When user service data is transmitted through the LSP in the bearer network, the message format of the user service data changes accordingly. Figure 6 is a format diagram of the user service data message at this time. As shown in Figure 6, the user data message includes : link layer message header 501, LSP label stack 601, IP message header 502 and user service payload data 503. In the bearer network, each hop LSP has its own label, and the self-label of each hop LSP and the labels of the previous few hops LSP are stored in the label stack 601 of the hop LSP, and the number of labels stored in the LSP label stack 601 is determined by Relative path Tag stack depth (RTD, Relative path Tag stack Depth) is expressed, that is, in the entire LSP set, the number of LSP hops that each hop LSP has passed relative to the initial CN. For example, the RTD of the first-hop LSP is 1, the RTD of the second-hop LSP is 2, the RTD of the third-hop LSP is 3, and so on. In the differentiated services model with an independent bearer control layer, there is also a specification attribute for the bearer network resource manager, that is, the maximum path tag stack depth (MTD, Max path Tag stack depth), MTD indicates that the service connection is in the entire LSP set , the maximum number of LSP hops allowed to pass, and the value of MTD can be defined according to the scale of the network.

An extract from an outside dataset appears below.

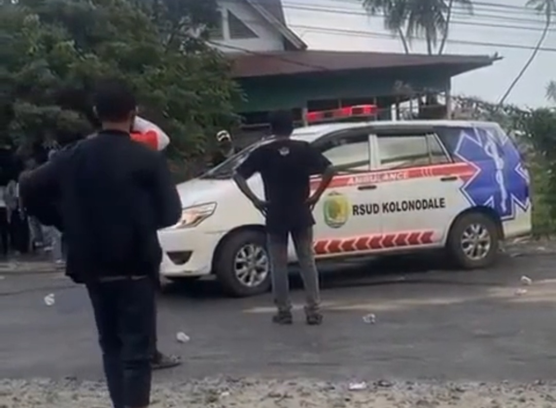 Sebuah ambulans rujukan milik RSUD Kolonodale, Kabupaten Morowali Utara, Sulawesi Tengah, yang membawa pasien ICU menuju RSUP Wahidin Sudirohusodo Makassar, terpaksa dihentikan dan diminta putar balik oleh massa aksi.

The LSP label stack 601 is a newly added overhead and also occupies bandwidth, so the bandwidth occupied by the LSP label stack 601 should be included when allocating bandwidth. The number of bytes occupied by the newly added overhead is the length of the LSP label stack 601, and the length of the LSP label stack 601=RTD×the number of bytes occupied by each label, and because in the user data service message, the label stack The byte length of each label is 4 bytes, so the length of the LSP label stack is RTD×4.

Since the bandwidth is not only related to the length of the message, but also related to the transmission frequency of the message, and the length of the message transmitted every moment is also variable, so the maximum peak packet length (MPPL, MaxPeak Packet Length) is used to determine Indicates the message that occupies the largest bandwidth in the user's service connection, and the MPPL is the maximum message length of a single data packet under the peak bandwidth of the user's service connection; The data packet is the maximum transmission unit (MTU, Max Transfer Unit); between CN and CN, among all the LSPs that the business connection can pass through, the data packet with the smallest MTU value is the maximum path transmission unit (PMTU, Path Max Transfer Unit).

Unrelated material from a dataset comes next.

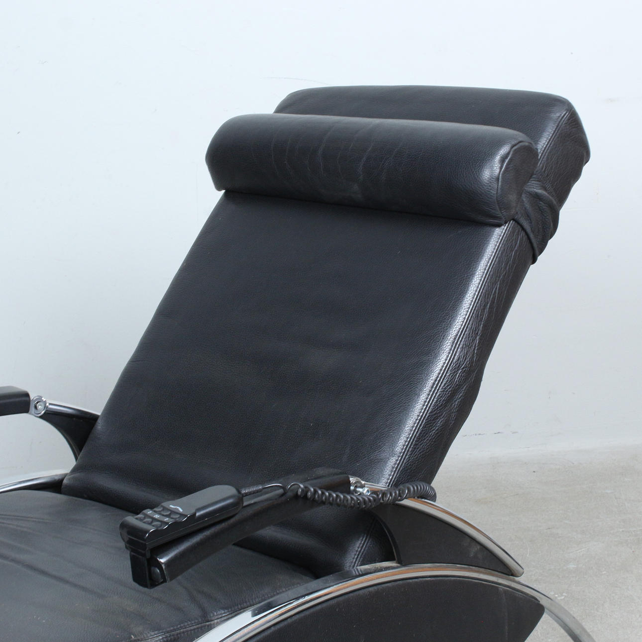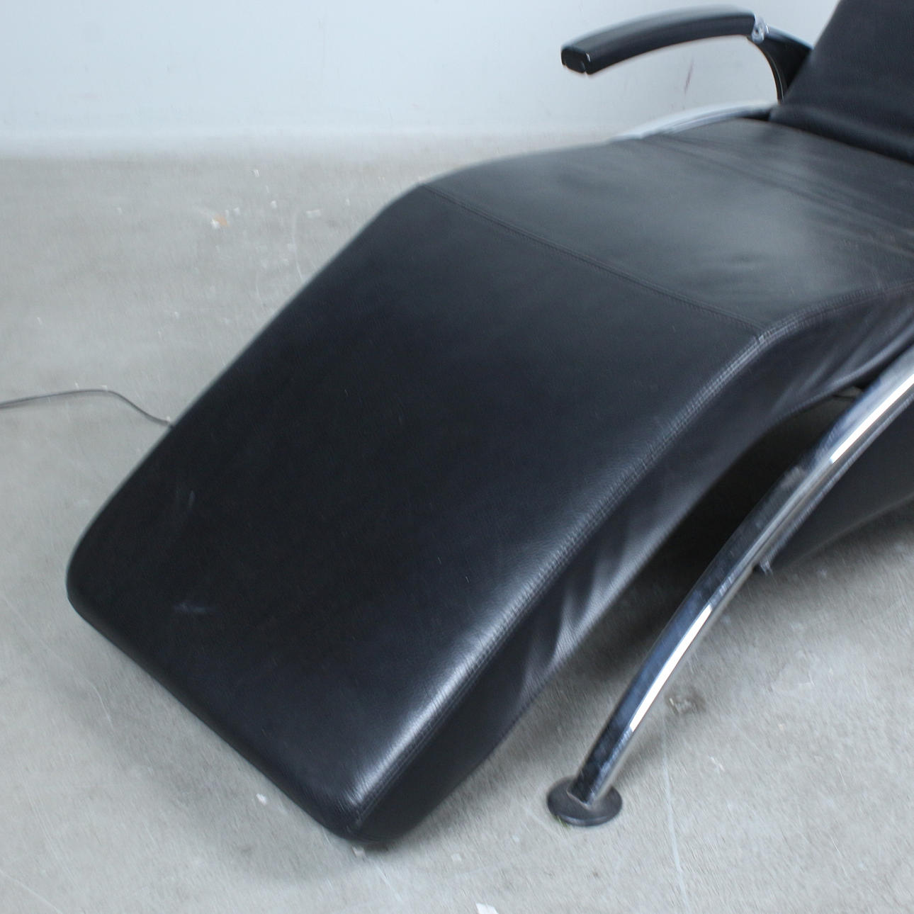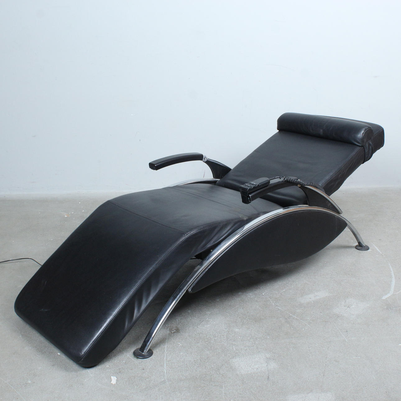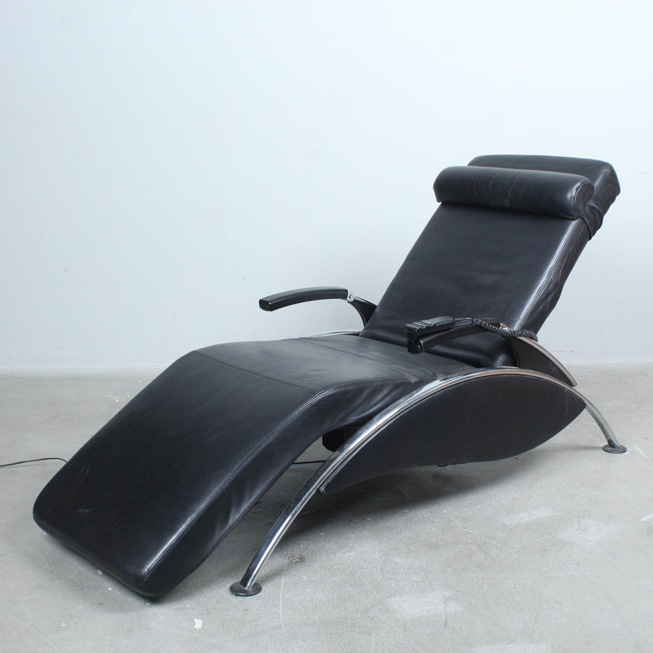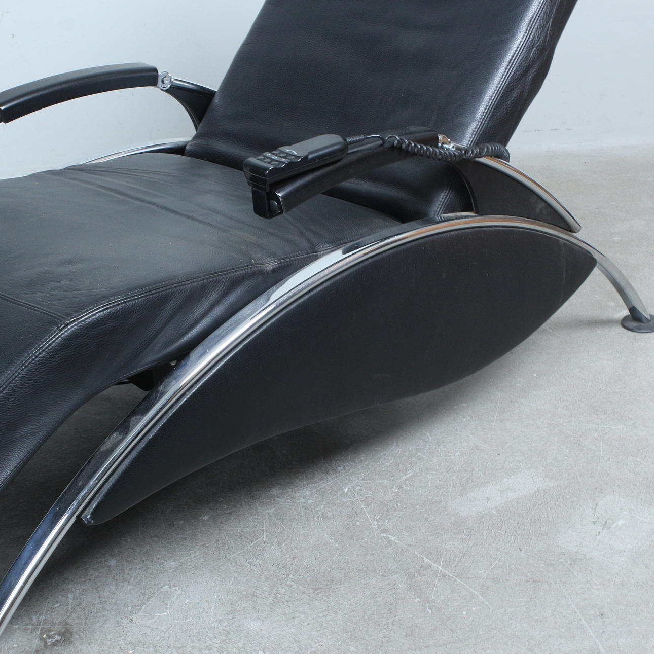 Dewert, electronic lounge chair, chrome, leather. Adjustable via remote control. Dimensions: H: 90 cm. W: 64 cm. D: 179 cm.

In peak conditions, the message length of the largest data packet of the user service is: the original message length + the newly added overhead length, that is, (MPPL+4×RTD). When (MPPL+4×RTD)<=PMTU, as shown in Figure 6, compared to the user's original ordinary data packet shown in Figure 5, the new overhead of the data packet is the LSP label stack 601, so when obtaining the bandwidth To include the bandwidth occupied by the added overhead, the added overhead is: the length of the LSP label stack 601 , that is, RTD×4.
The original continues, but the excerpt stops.